Stored items from a collection:
# # # # # # #

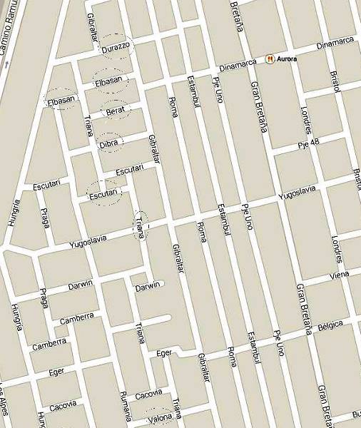 Elbasan”, ”Rruga Shkodra”, “Rruga Tirana”, (Google diku e jepte gabim “Triana” por në vazhdim po të ndiqet rruga, më poshtë në hartë del e qartë, “Tirana”)”, “Rruga Vlora”, (Valona)”…
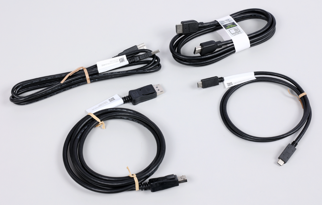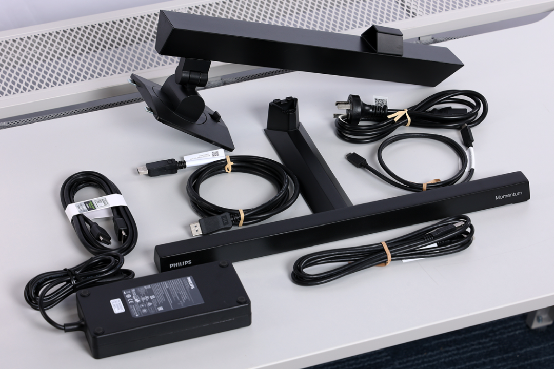 配件明细:1个支撑杆、1个底座、1根 DP 1.4视频线、1根HDMI视频线、1根Type-C to Type-C多功能线、1根USB-A 转 USB-B数据线以及一组电源适配器;
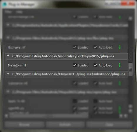 Ventana -> Settings/Preferences-> Administrador de plug-in -> Mayatomr.mll -cheque cargado y Auto carga
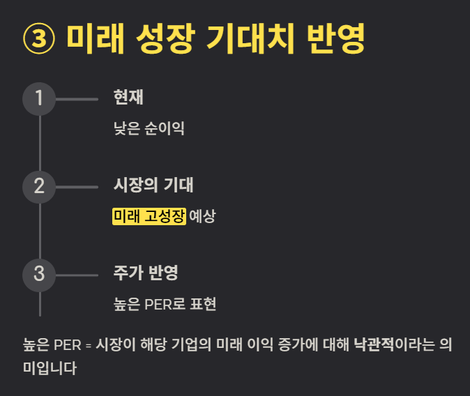 • 높은 PER의 의미: 투자자들이 해당 기업이 현재보다 미래에 훨씬 더 많은 이익을 벌어들일 것이라고 기대하고 있다는 의미입니다. (미래 가치를 현재 주가에 미리 반영)
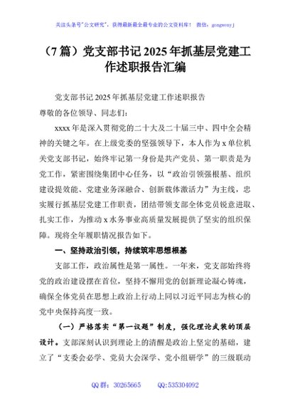 / (7篇)党支部书记2025年抓基层党建工作述职报告汇编
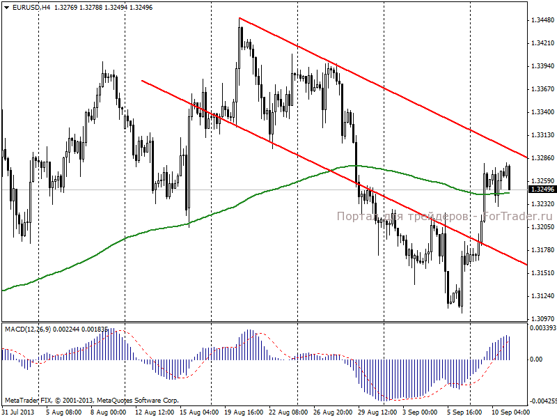 По мнению аналитиков журнала ForTrader, ввиду отсутствия каких-либо важных экономических публикаций, динамика пары евро/доллар будет зависеть от новостей из США. С одной стороны, разрядка ситуации с Сирией снизила спрос на валюты-убежища и оказала поддержку евро. С другой стороны, рынок ждет, что FOMC на следующем заседании объявит о начале сокращения программы количественного смягчения, что является поддержкой для доллара. В этой связи, с большей степенью вероятности, до заседания американского регулятора, евро/доллар продолжит движение в установившемся торговом диапазоне.
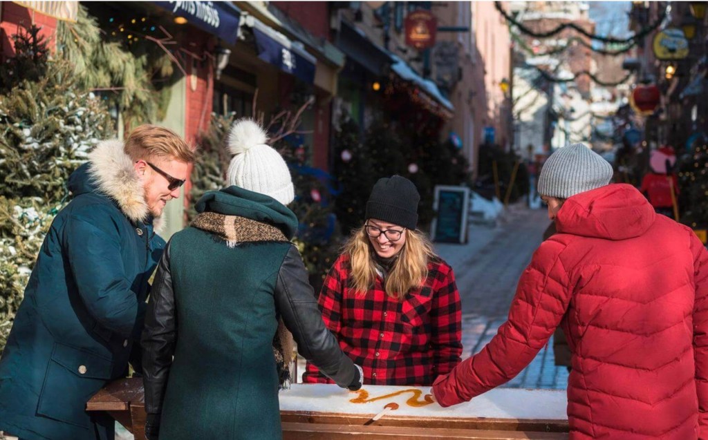 Winter carnivals followed after Christmas, continuing throughout the pre-Lenten season. With hunting and ice fishing competitions, canoe racing across icy rivers (a mix of paddling and foot races over icy hazards), snowshoe races, snow sculpturing the cold and isolation of winter was tamed. Come Spring’s warming, ‘sugaring’ season began, with harvesting of maple sap to be boiled down to rich syrup. Hot syrup, hardened over snow into taffy or poured over grill cakes with beans, was celebrated in winter’s snows.

# # # # # # #

— Required action —
Could you copy every record above exactly, leaving out the pictures?

— Exercise answer —
 Elbasan”, ”Rruga Shkodra”, “Rruga Tirana”, (Google diku e jepte gabim “Triana” por në vazhdim po të ndiqet rruga, më poshtë në hartë del e qartë, “Tirana”)”, “Rruga Vlora”, (Valona)”…
 配件明细:1个支撑杆、1个底座、1根 DP 1.4视频线、1根HDMI视频线、1根Type-C to Type-C多功能线、1根USB-A 转 USB-B数据线以及一组电源适配器;
 Ventana -> Settings/Preferences-> Administrador de plug-in -> Mayatomr.mll -cheque cargado y Auto carga
 • 높은 PER의 의미: 투자자들이 해당 기업이 현재보다 미래에 훨씬 더 많은 이익을 벌어들일 것이라고 기대하고 있다는 의미입니다. (미래 가치를 현재 주가에 미리 반영)
 / (7篇)党支部书记2025年抓基层党建工作述职报告汇编
 По мнению аналитиков журнала ForTrader, ввиду отсутствия каких-либо важных экономических публикаций, динамика пары евро/доллар будет зависеть от новостей из США. С одной стороны, разрядка ситуации с Сирией снизила спрос на валюты-убежища и оказала поддержку евро. С другой стороны, рынок ждет, что FOMC на следующем заседании объявит о начале сокращения программы количественного смягчения, что является поддержкой для доллара. В этой связи, с большей степенью вероятности, до заседания американского регулятора, евро/доллар продолжит движение в установившемся торговом диапазоне.
 Winter carnivals followed after Christmas, continuing throughout the pre-Lenten season. With hunting and ice fishing competitions, canoe racing across icy rivers (a mix of paddling and foot races over icy hazards), snowshoe races, snow sculpturing the cold and isolation of winter was tamed. Come Spring’s warming, ‘sugaring’ season began, with harvesting of maple sap to be boiled down to rich syrup. Hot syrup, hardened over snow into taffy or poured over grill cakes with beans, was celebrated in winter’s snows.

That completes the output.